Where the data below begins, start duplicating lines exactly, and finish with the line containing "M8112010 MARSHALL ШРУС"; add nothing else. Leave the pictures out.

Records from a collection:
------
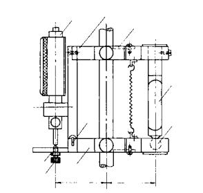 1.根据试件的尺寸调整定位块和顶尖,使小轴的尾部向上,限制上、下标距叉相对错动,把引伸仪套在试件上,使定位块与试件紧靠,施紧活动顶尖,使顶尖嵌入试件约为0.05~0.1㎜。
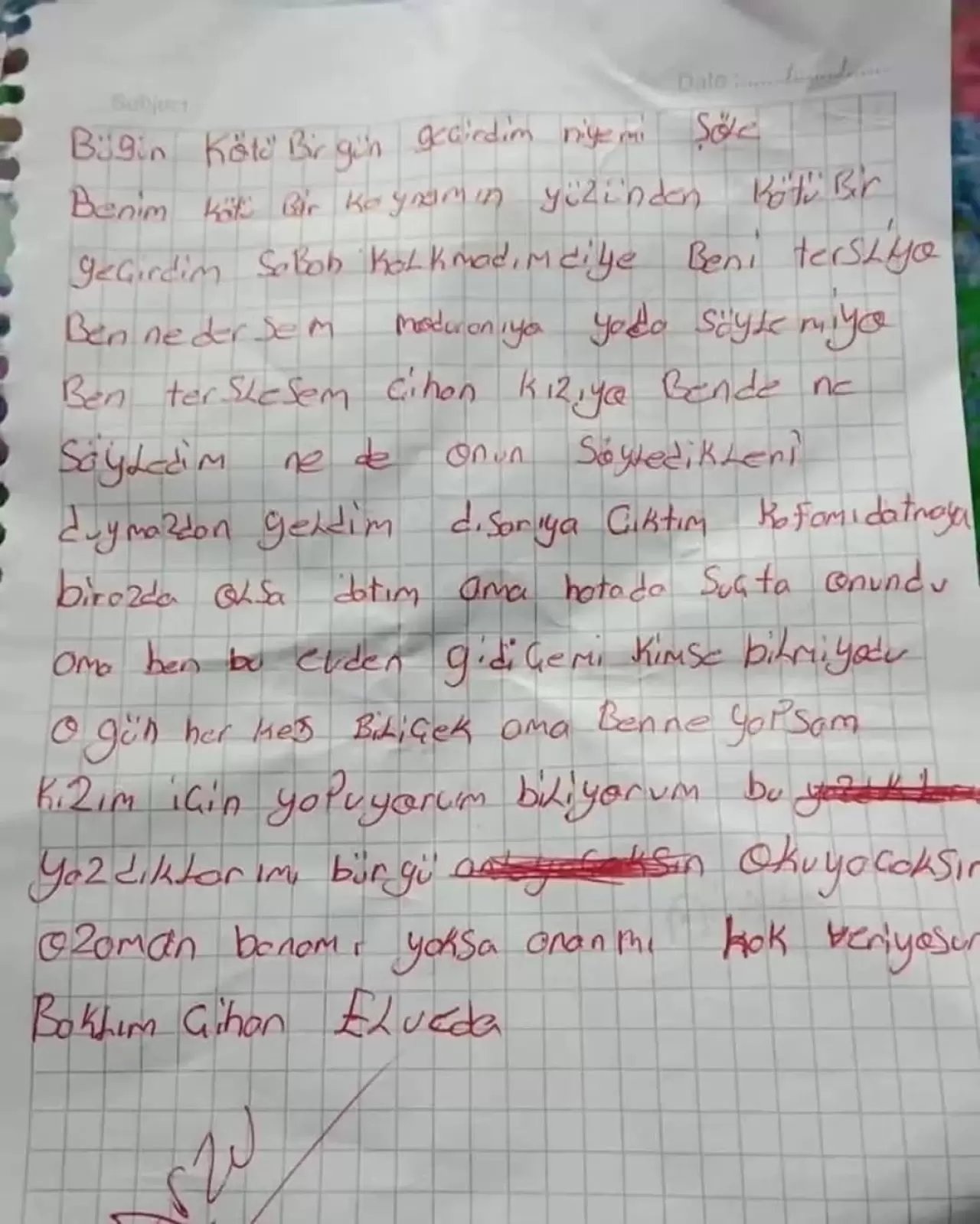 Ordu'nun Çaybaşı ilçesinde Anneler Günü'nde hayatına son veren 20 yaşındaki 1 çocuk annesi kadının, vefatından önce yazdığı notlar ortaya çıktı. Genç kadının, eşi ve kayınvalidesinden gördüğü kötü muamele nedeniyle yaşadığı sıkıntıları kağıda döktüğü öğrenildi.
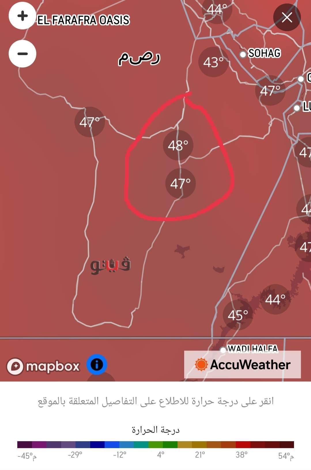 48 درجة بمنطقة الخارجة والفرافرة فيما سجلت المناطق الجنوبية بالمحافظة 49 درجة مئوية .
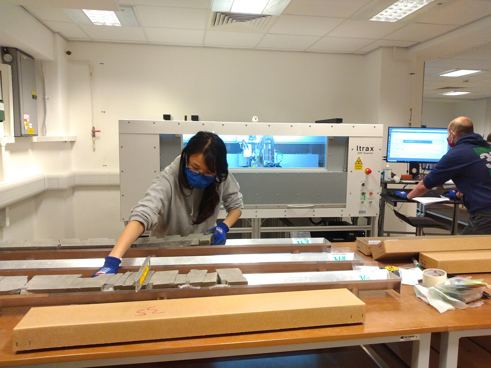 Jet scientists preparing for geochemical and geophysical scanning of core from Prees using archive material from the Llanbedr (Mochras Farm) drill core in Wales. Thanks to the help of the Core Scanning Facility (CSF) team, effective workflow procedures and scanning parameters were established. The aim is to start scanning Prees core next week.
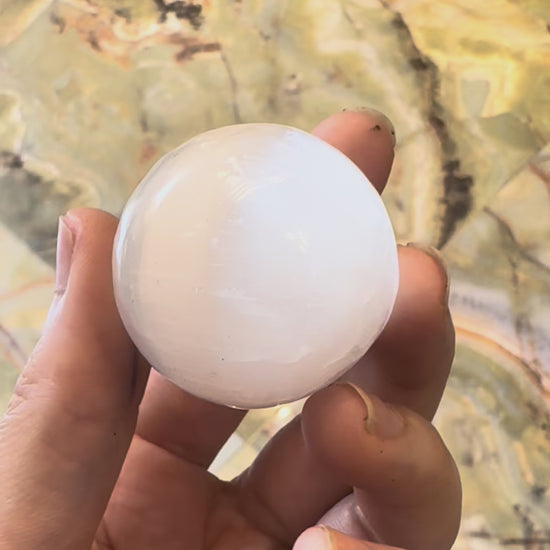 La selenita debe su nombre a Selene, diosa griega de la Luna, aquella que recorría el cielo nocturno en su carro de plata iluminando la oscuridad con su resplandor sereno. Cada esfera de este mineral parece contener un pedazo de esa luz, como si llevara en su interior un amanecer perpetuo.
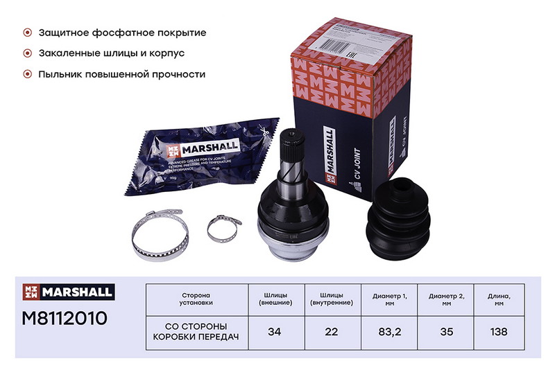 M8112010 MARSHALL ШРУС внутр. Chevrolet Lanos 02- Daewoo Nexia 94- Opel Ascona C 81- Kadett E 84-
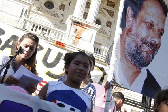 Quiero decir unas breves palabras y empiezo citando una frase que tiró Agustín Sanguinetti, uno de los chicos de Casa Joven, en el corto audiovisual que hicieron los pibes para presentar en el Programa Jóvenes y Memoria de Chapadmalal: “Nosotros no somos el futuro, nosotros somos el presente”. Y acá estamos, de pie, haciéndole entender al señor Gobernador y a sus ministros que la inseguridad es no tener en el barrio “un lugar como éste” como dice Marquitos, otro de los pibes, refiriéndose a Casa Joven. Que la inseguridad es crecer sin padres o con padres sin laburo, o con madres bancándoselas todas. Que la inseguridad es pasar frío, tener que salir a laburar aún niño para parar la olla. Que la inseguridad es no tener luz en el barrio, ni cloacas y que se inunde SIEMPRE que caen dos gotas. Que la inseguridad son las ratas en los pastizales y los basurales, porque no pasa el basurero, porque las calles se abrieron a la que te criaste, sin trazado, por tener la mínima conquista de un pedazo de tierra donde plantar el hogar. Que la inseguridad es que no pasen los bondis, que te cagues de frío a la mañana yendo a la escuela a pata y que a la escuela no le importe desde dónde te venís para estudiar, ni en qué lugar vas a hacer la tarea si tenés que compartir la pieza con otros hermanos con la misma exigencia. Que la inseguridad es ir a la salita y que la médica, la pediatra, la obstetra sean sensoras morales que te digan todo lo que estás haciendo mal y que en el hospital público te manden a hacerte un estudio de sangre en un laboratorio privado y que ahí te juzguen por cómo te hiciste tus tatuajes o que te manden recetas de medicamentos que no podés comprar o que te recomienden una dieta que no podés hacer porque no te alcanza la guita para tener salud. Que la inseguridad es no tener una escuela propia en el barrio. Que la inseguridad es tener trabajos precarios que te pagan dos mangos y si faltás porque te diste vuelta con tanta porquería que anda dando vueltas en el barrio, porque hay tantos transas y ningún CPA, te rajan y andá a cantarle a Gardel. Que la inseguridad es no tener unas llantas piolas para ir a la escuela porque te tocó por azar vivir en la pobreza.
------
> [ANSWER BELOW]:
 1.根据试件的尺寸调整定位块和顶尖,使小轴的尾部向上,限制上、下标距叉相对错动,把引伸仪套在试件上,使定位块与试件紧靠,施紧活动顶尖,使顶尖嵌入试件约为0.05~0.1㎜。
 Ordu'nun Çaybaşı ilçesinde Anneler Günü'nde hayatına son veren 20 yaşındaki 1 çocuk annesi kadının, vefatından önce yazdığı notlar ortaya çıktı. Genç kadının, eşi ve kayınvalidesinden gördüğü kötü muamele nedeniyle yaşadığı sıkıntıları kağıda döktüğü öğrenildi.
 48 درجة بمنطقة الخارجة والفرافرة فيما سجلت المناطق الجنوبية بالمحافظة 49 درجة مئوية .
 Jet scientists preparing for geochemical and geophysical scanning of core from Prees using archive material from the Llanbedr (Mochras Farm) drill core in Wales. Thanks to the help of the Core Scanning Facility (CSF) team, effective workflow procedures and scanning parameters were established. The aim is to start scanning Prees core next week.
 La selenita debe su nombre a Selene, diosa griega de la Luna, aquella que recorría el cielo nocturno en su carro de plata iluminando la oscuridad con su resplandor sereno. Cada esfera de este mineral parece contener un pedazo de esa luz, como si llevara en su interior un amanecer perpetuo.
 M8112010 MARSHALL ШРУС внутр. Chevrolet Lanos 02- Daewoo Nexia 94- Opel Ascona C 81- Kadett E 84-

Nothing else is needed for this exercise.